*Records to use:*
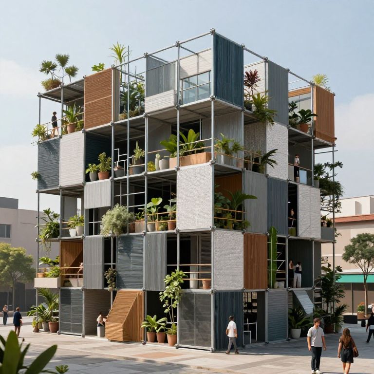 "Slick anarchist architecture made of modular blocks, has metal scaffolding, ultra realistic, plants, people standing on structure, sustainable materials,"
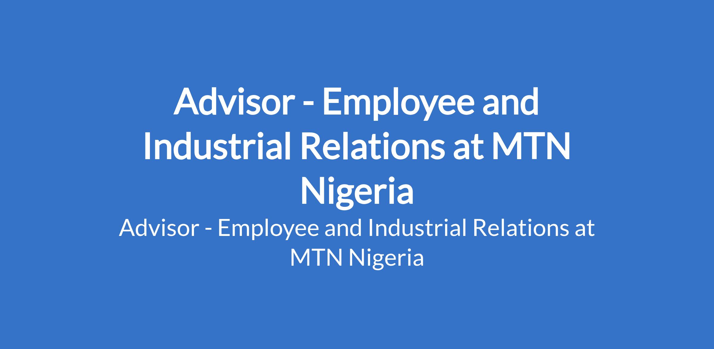 MTN Nigeria is recruiting to fill the position of: Advisor - Employee and Industrial Relations. The position is located in Ikoyi, Lagos State. Interested candidates should possess a First Degree in a related discipline with 37 years of experience in a related specialization, with experience working with others.
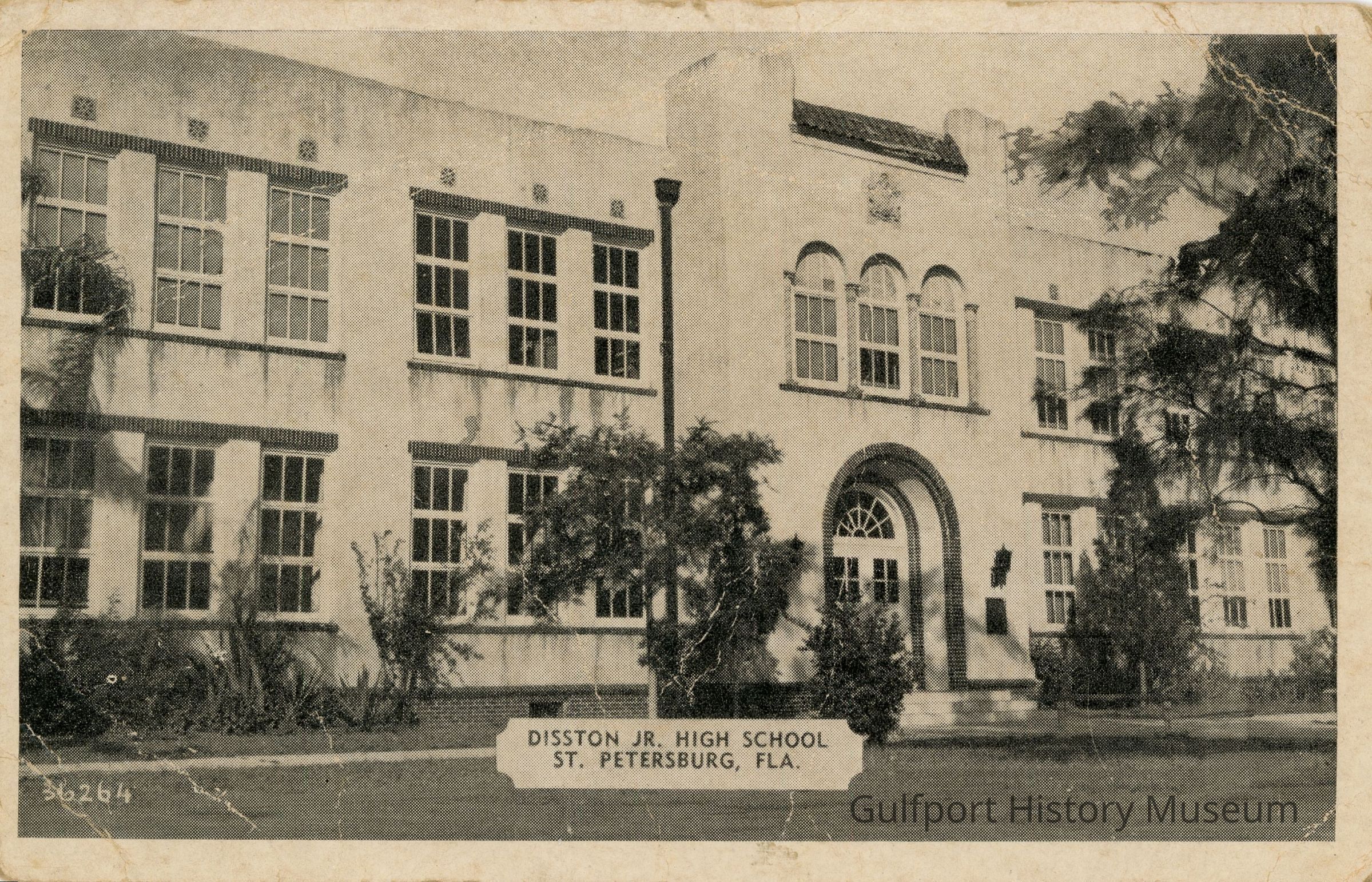A black and white [photochrome] postcard showing Disston Junior High School. "DISSTON JR. HIGH SCHOOL ST. PETERSBURG, FLA."
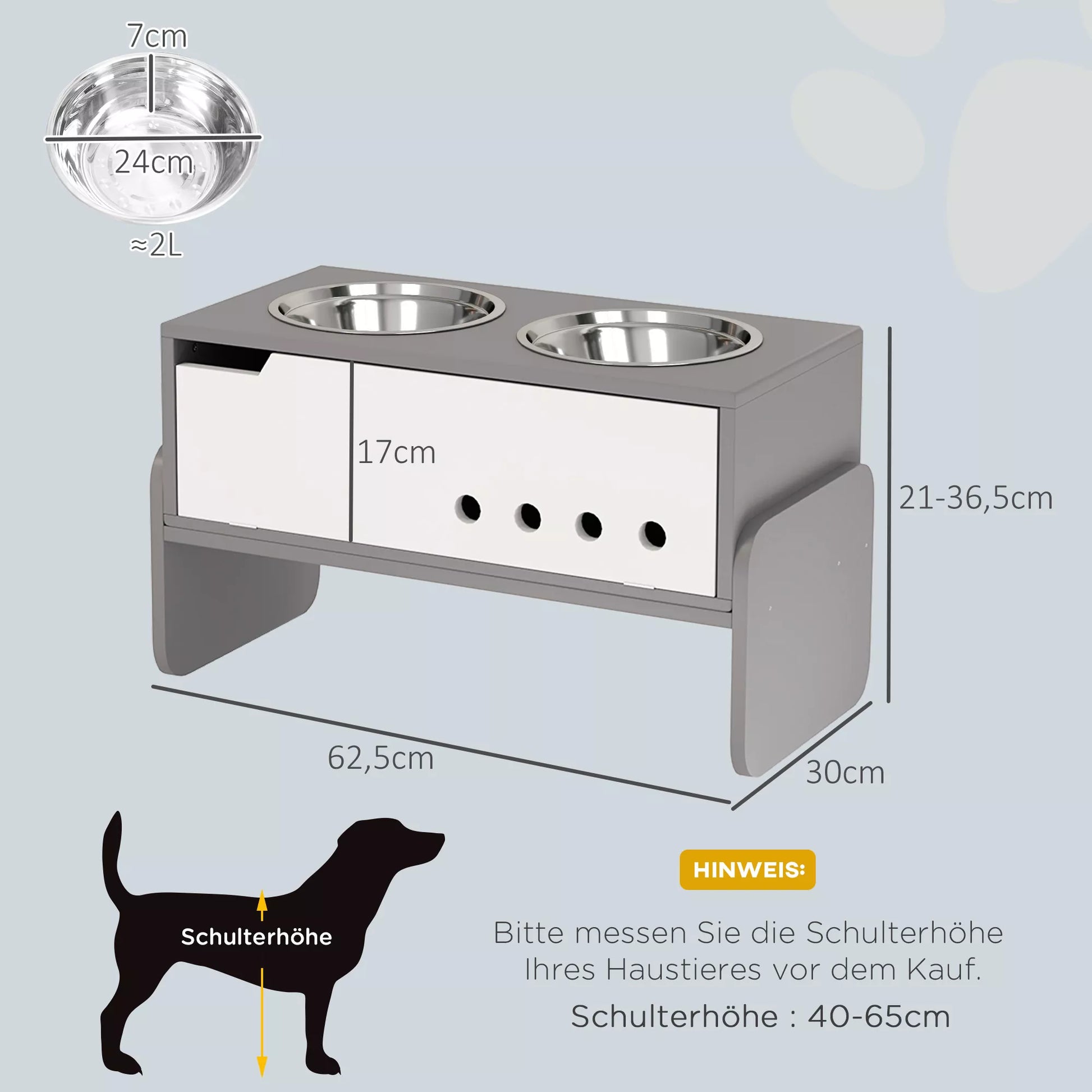 Uzlabojiet sava suņa uzturu ar suņu bļodu. Šajā suņu bļodu komplektā ir divas nerūsējošā tērauda bļodas uz paceltas pamatnes, kas ir ideāli piemērotas vidēja un ļoti liela auguma suņiem. Ar sakodiena aizsargu, kas palīdz uzlabot gremošanu, un regulējamu augstumu (21 cm, 30 cm, 36,5 cm), lai pielāgotos jūsu mājdzīvnieka augšanai. Komplektā ir arī slēpts nodalījums uzkodām un citiem aksesuāriem!
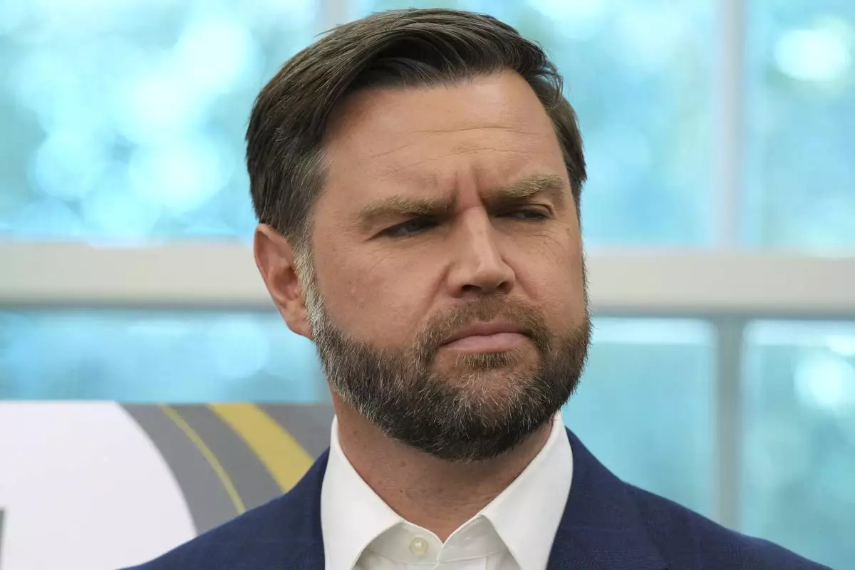 Vice President JD Vance listens as President Donald Trump speaks in the Oval Office of the White House, Friday, Aug. 22, 2025, in Washington. (AP Photo/Jacquelyn Martin)
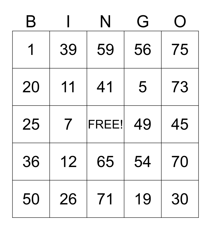 This bingo card has a free space and 24 words: 12, 26, 41, 50, 75, 1, 20, 39, 49, 65, 5, 25, 54, 70, 11, 19, 45, 59, 73, 7, 30, 36, 56 and 71.
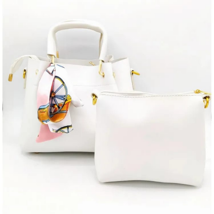 Bring elegance and class to your outfit with this Classic White 2-in-1 Handbag Set, featuring a structured tote bag and a matching pouch — perfect for modern women who love minimal yet luxurious style. The colorful accessory scarf adds a fashionable flair, making it ideal for both casual and formal wear.
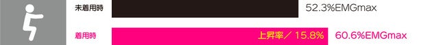 未着用時:52.3%EMGmax ⇒ 着用時:60.6%EMGmax 上昇率:15.80%

*Exercise requirements:* Nothing but the lines from the start of the records above through the line with "MTN Nigeria is" should be retyped, each exactly as written; leave out all pictures.

*Response:*
 "Slick anarchist architecture made of modular blocks, has metal scaffolding, ultra realistic, plants, people standing on structure, sustainable materials,"
 MTN Nigeria is recruiting to fill the position of: Advisor - Employee and Industrial Relations. The position is located in Ikoyi, Lagos State. Interested candidates should possess a First Degree in a related discipline with 37 years of experience in a related specialization, with experience working with others.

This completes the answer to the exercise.